**What you have to do**: Please copy, exactly as written, the span from the first line below to the line that contains "7月1日下午,太阳成集团ty", including both, and skip the pictures.

************

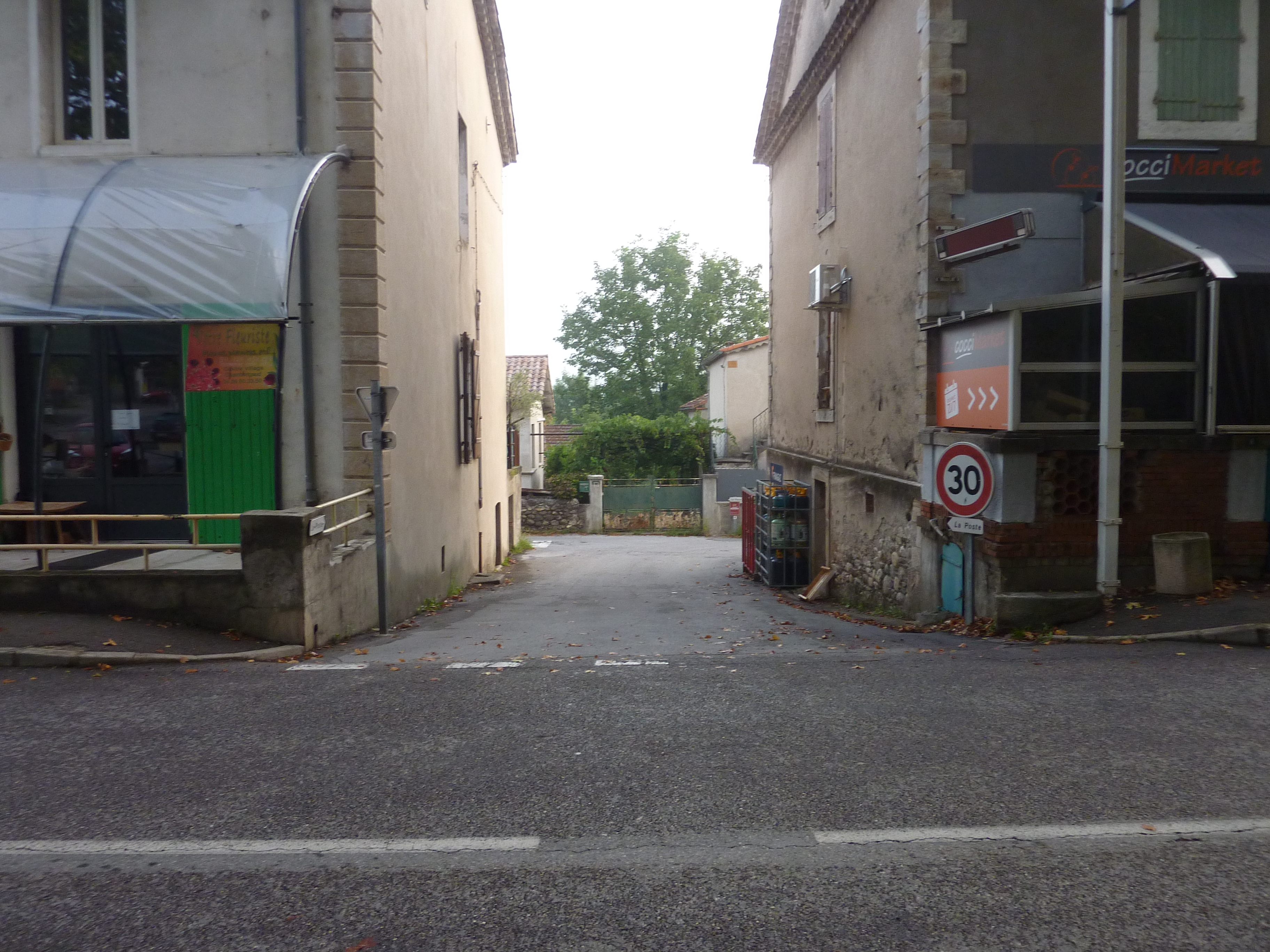 A ce croisement au pied du Château de Verfeuil, suivre le chemin montant sur la droite direction Château de Verfeuil, aucun balisage dorénavant (pour ceux qui ne veulent pas visiter les ruines du château, continuer tout droit et suivre les balises jaunes et rouges)
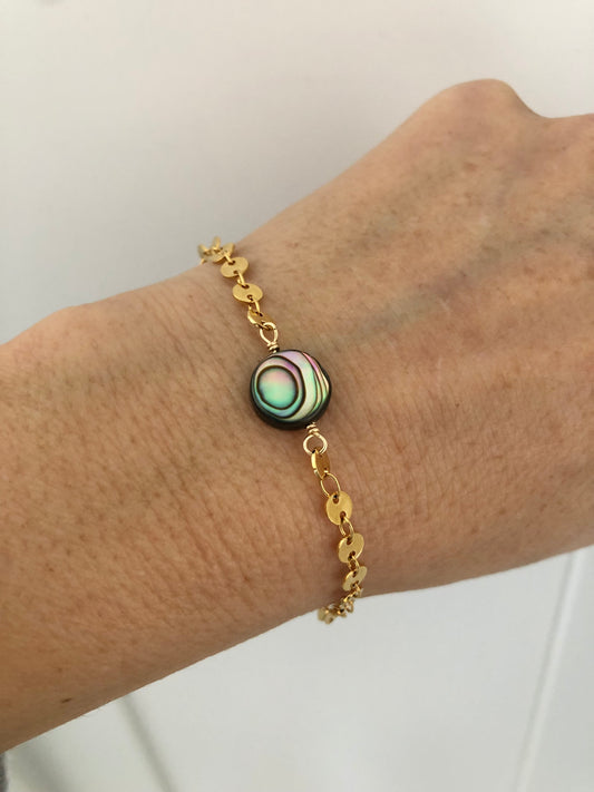 Bracelet "Ormoa" en Or Laminé et Nacre d’Ormeau
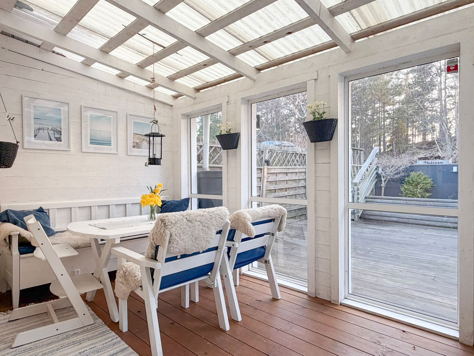 Välkommen till detta välplanerade radhus med ett fint läge på Sandhamn. Husets baksida är en insynsskyddad oas med utmärkt solläge. Här finns en rymlig altan och ett inglasat uterum med stora fönsterpartier mot baksidan som gör att man kan njuta av platsen under stora delar av året. Invändigt rymmer huset tre bra sovrum, två moderna och helkaklade badrum, allrum med eldstad och utrymme för stor matplats samt ett praktiskt kök och en ännu mer praktisk tvättstuga med groventré precis intill! På husets framsida finns en trivsam altan och ett förråd. Entréhallen är tillbyggd för att ge mer plats till vardagsbestyren med på- och avtagning samt förvaring av ytterkläder.
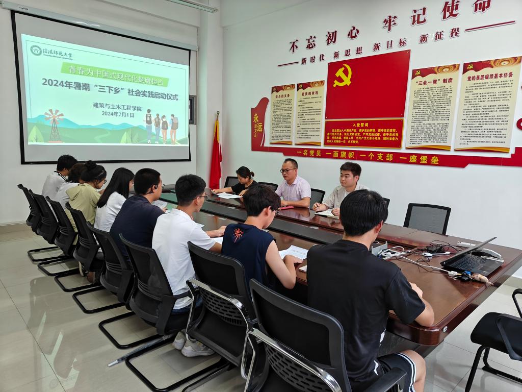 7月1日下午,太阳成集团tyc151cc在综合楼402会议室举行2024年暑期“三下乡”社会实践活动启动仪式,学院党委副书记冀鹏、团委指导老师冯舒心、专职辅导员邓林,以及学生代表参加会议。
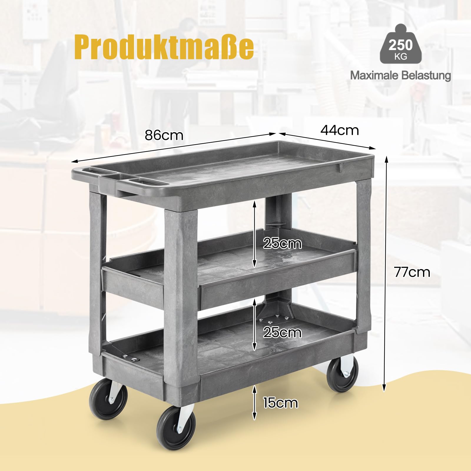 Endlich Ordnung in der Werkstatt! Dieser praktische Werkstattwagen hat 3 Ebenen und trägt bis zu 150kg - da kannst du wirklich alles draufpacken. Mit 77,6x81x35,66 cm bietet er genug Platz für alle deine Werkzeuge. \\n\\nDie 4 Rollen (2 mit Bremsen) machen ihn super mobil. Einfach schieben und an der gewünschten Position arretieren. Mit abnehmbaren Haken und Seitenhaltern für Schraubendreher - alles hat seinen Platz! \\n\\nDie Aufbewahrungsbox mit Schloss schützt wertvolle Teile. Aus Stahl gefertigt und mit Backfarbe lackiert - rostbeständig und langlebig. Perfekt für Garage, Auto-Werkstatt oder Hobbyraum. Einfach aufbauen und sofort nutzen!
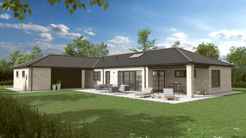 I forlængelse af køkken-alrummet ligger den lyse og rummelige stue, hvor de store glaspartier inviterer haven helt ind i hjemmet og skaber en rolig, afslappet stemning – perfekt til både filmaftener og stille stunder. Forældrene kan trække sig tilbage i deres egen private afdeling med soveværelse og eget badeværelse, hvor der er plads til ro og fordybelse. Huset er gennemtænkt ned til mindste detalje med klare zoner, masser af opbevaringsplads og en planløsning, der understøtter både fællesskab og privatliv. Et moderne lavenergiparcelhus fra HusCompagniet, skabt til et liv med plads, lys og nærvær.
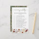 Jogo de Chá de fraldas de Flor Selvagem Verde. Deixe seus convidados testarem sua intuição com esta Mamãe ou Jogo do Pai, uma forma divertida e interativa de celebrar os futuros pais. O guião verde sábio na frente apresenta perguntas lúdicas para os hóspedes adivinharem quem fará o que quando o bebê chegar. O verso apresenta um padrão coordenado de borboletas de vassoura, flores silvestres, gramíneas secas e folhagem verde de sábio em um fundo verde de sábio, garantindo um na moda e um aspecto polido. As matizes quentes e úmidas de castanho, ferrugem, terracota, laranja queimada e verde-salgada fazem deste jogo um ajustado perfeito para qualquer primavera, verão, outono ou chá de fraldas de inverno. Traga risos e alegria para o seu evento com um jogo tão memorável quanto o dia!
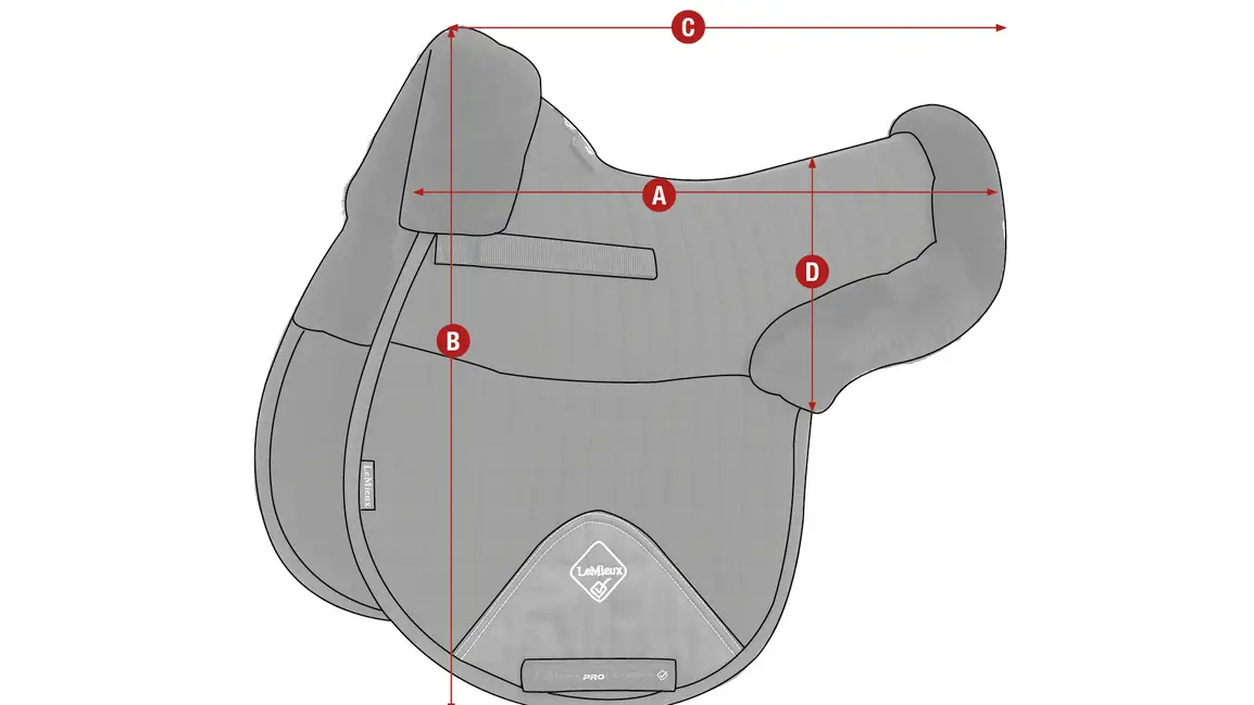 The updated sporty girth protection area shape and texture lend subtle luxury and practical durability to the pad.
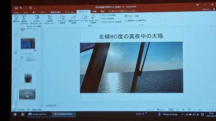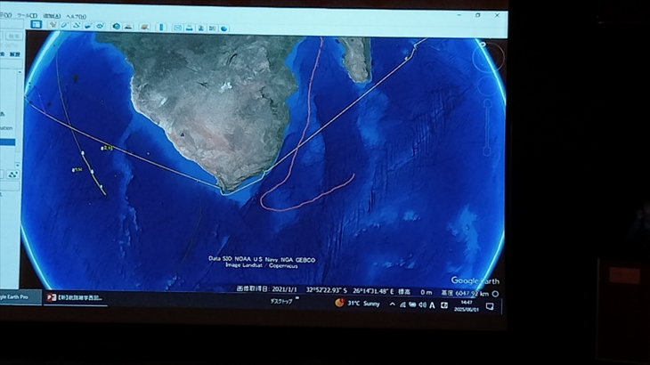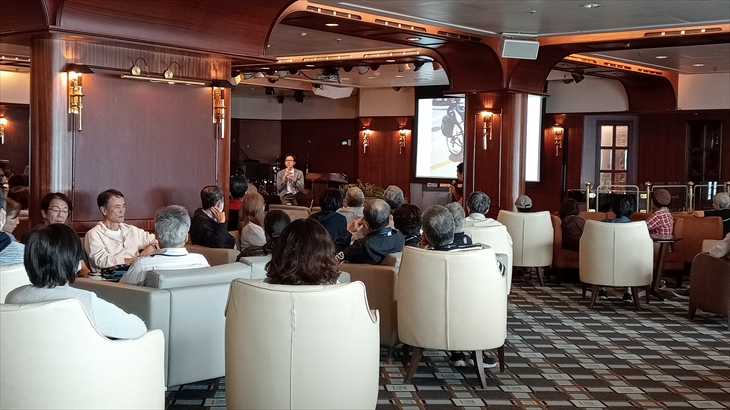 48回も世界一周を行った狭間元船長のシリーズ企画(第二回目)。南アフリカからニューヨークまでの航路紹介、フィヨルドの形成・オーロラの仕組みなど学びました。南周りの航路変更になりましたが、南へ北へと壮大なコースを辿る今。これからのハンブルクやベルゲン、フィヨルド・流氷見学など楽しみです。今の船の機械工学の紹介もありました。狭間元船長は「たいした話じゃないよ」といつも仰るそうですが、その話っぷりがお人柄表し、是非また聞きたいです。
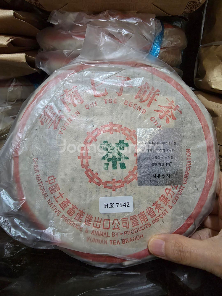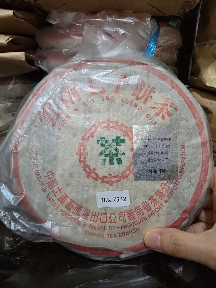 HK 7542 맹해차창 중국 운남성 보이차 칠자병차 입니다. 서울 지유명차에서 구매했습니다. 90년대 말 생차입니다. 010-3277-이사구일 문자 부탁드립니다~
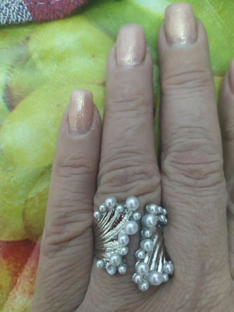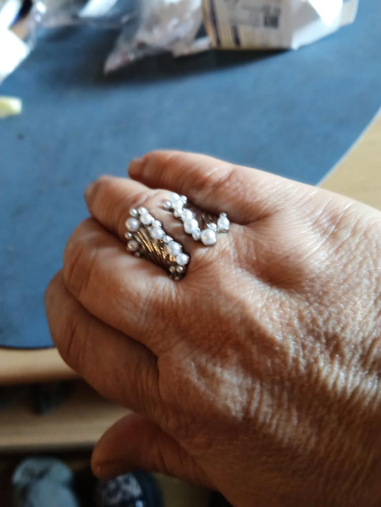 Jedna perła odpadła, gdy wyjmowałam z opakowania. Rozmiar pierścionka to 17,5. Jeśli go rozginiesz, to ostrożnie, żeby nie posypały się pozostałe perły.
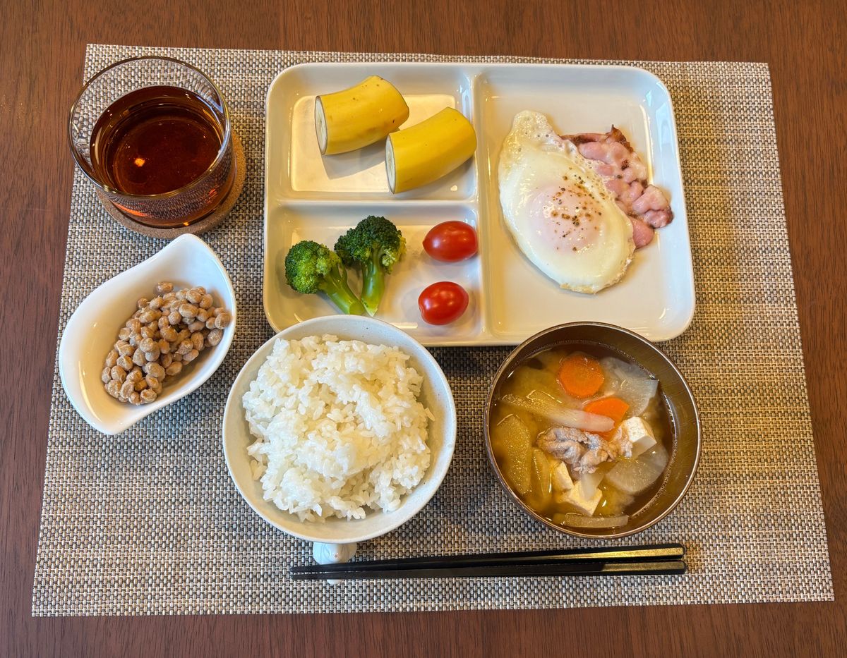メニュー:ごはん、納豆、半熟の目玉焼き、豚汁、ブロッコリー、トマト、バナナ
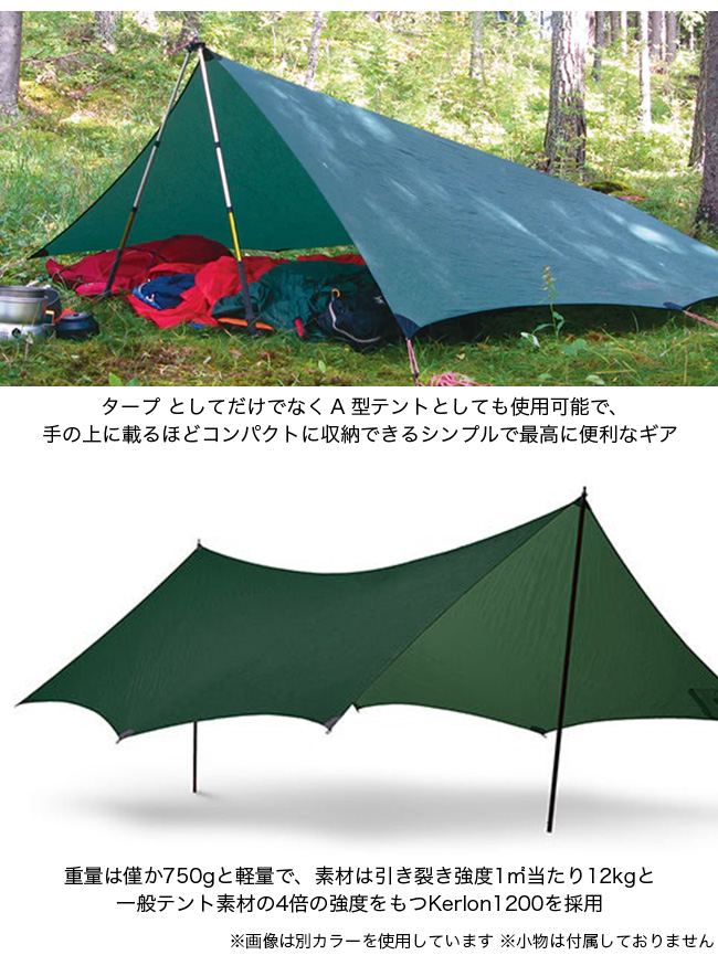 開放感あふれるタープは、天候から身を守りながら偉大な自然の音や香りを五感で感じることができます。素材には一般テント素材の4倍強度がある引き裂き強度1平方メートル当たり12kgを誇るKerlon1200を使い、ドローコード、収納バッグが一体にセットされ、重量は僅か750gです。
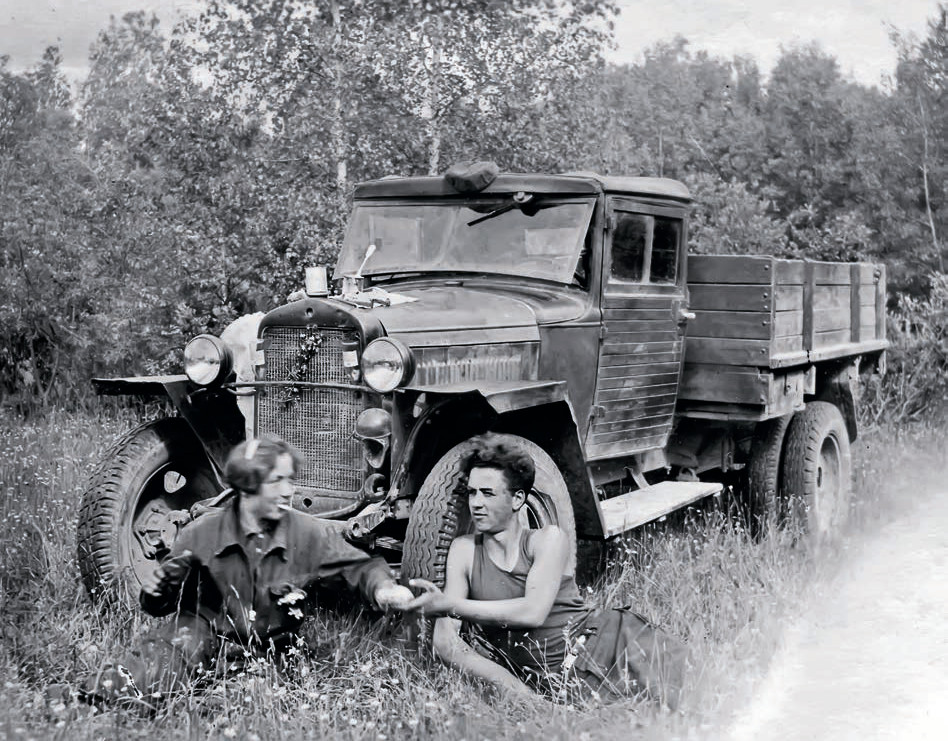 Разложить газетку и «накрыть стол» на плоском капоте современной машины будет намного удобнее, чем на многих старинных автомобилях, где капоты узкие, покатые, выпуклые и округлые – в общем, любой формы, которая далека от столешницы. И за это многие любители трапез на капоте должны быть благодарны веяниям автомобильного дизайна! Иначе было бы как здесь, когда на капот «полуторки» ГАЗ-ММ можно поставить только две банки тушенки и положить нарезанный хлеб. Зато пустые бутылки из-под водки «Московская» можно запихнуть за бугель – так называется перемычка между крыльями, на которой крепятся фары. Карточка подписана: «Лето 1944 года, деревня Жирошкино». Это в Подмосковье, Раменский район.

************

**Task response**:
 A ce croisement au pied du Château de Verfeuil, suivre le chemin montant sur la droite direction Château de Verfeuil, aucun balisage dorénavant (pour ceux qui ne veulent pas visiter les ruines du château, continuer tout droit et suivre les balises jaunes et rouges)
 Bracelet "Ormoa" en Or Laminé et Nacre d’Ormeau
 Välkommen till detta välplanerade radhus med ett fint läge på Sandhamn. Husets baksida är en insynsskyddad oas med utmärkt solläge. Här finns en rymlig altan och ett inglasat uterum med stora fönsterpartier mot baksidan som gör att man kan njuta av platsen under stora delar av året. Invändigt rymmer huset tre bra sovrum, två moderna och helkaklade badrum, allrum med eldstad och utrymme för stor matplats samt ett praktiskt kök och en ännu mer praktisk tvättstuga med groventré precis intill! På husets framsida finns en trivsam altan och ett förråd. Entréhallen är tillbyggd för att ge mer plats till vardagsbestyren med på- och avtagning samt förvaring av ytterkläder.
 7月1日下午,太阳成集团tyc151cc在综合楼402会议室举行2024年暑期“三下乡”社会实践活动启动仪式,学院党委副书记冀鹏、团委指导老师冯舒心、专职辅导员邓林,以及学生代表参加会议。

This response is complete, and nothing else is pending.